Cornwall is within the diocese of Exeter, and province of Canterbury; and forms, with three parishes in Devonshire, an archdeaconry, comprising the deaneries of East, Kerrier, Penwith, Powder, Pyder, Trigg-Major, Trigg-Minor, and West, and containing 203 parishes: the Scilly Islands are also in the archdeaconry of Cornwall. The office of rural dean, which in most parts of the kingdom has become nearly nominal, is here an efficient office; the rural deans are appointed annually, perform regular visitations to every church within their deaneries, and report the state of each at the archdeacon's visitations. For civil purposes the county is divided into the hundreds of East, Kerrier, Lesnewth, Penwith, Powder, Pyder, Stratton, Trigg, and West. It contains the borough and market towns of Bodmin, Falmouth, Helston, Launceston, Liskeard, Penryn, St. Ives, and Truro; the following market-towns, also ancient boroughs, but deprived of their privilege of sending representatives to parliament by the act of the 2nd of William IV., cap. 45, viz., Bossiney, Callington, Camelford, East Looe, Fowey, Lostwithiel, St. Mawes, Saltash, and Tregoney; four decayed boroughs having no markets, deprived in like manner, viz., Newport, St. Germans, St. Michael, and West Looe; and twelve market-towns which are not boroughs, viz., Camborne, Grampound, Marazion, Padstow, Penzance, Polperro, Redruth, St. Agnes, St. Austell, St.
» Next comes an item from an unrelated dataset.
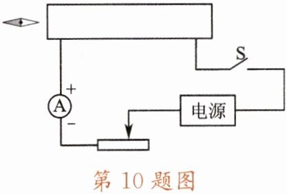 10. 电路连接正确,通电后小磁针指向如图所示(涂黑端表示N极)。请在图中标出螺线管的磁极、电源的“+”“-”极,并画出螺线管的绕法。

Columb, Stratton, and Wadebridge. Of the above towns, twelve are sea-ports, viz., Falmouth, Fowey, Looe, Marazion, Padstow, Penryn, Penzance, Polperro, St. Agnes, St. Ives, Truro, and Wadebridge; besides which, there are the smaller ports of Boscastle, Bude, Charlestown, Gweek, Hayle, Helford, Mevagissey, New Quay, Porth, Port-Isaac, Portleven, Portreath or Basset's Cove, and Trevannance. By the act above named the county was divided into two portions, called the Eastern and the Western divisions, each sending two representatives to parliament: the boroughs Bodmin and Truro continue to return two members each, as also does Penryn, in conjunction with Falmouth, which, prior to the passing of the act, enjoyed no share in the representation: Helston, Launceston, Liskeard, and St. Ives, each now return only one. Cornwall is included in the Western circuit: the spring and summer assizes, and the quarter-sessions, are held at Bodmin, where stand the county gaol and house of correction; and the Easter quarter-sessions at Truro.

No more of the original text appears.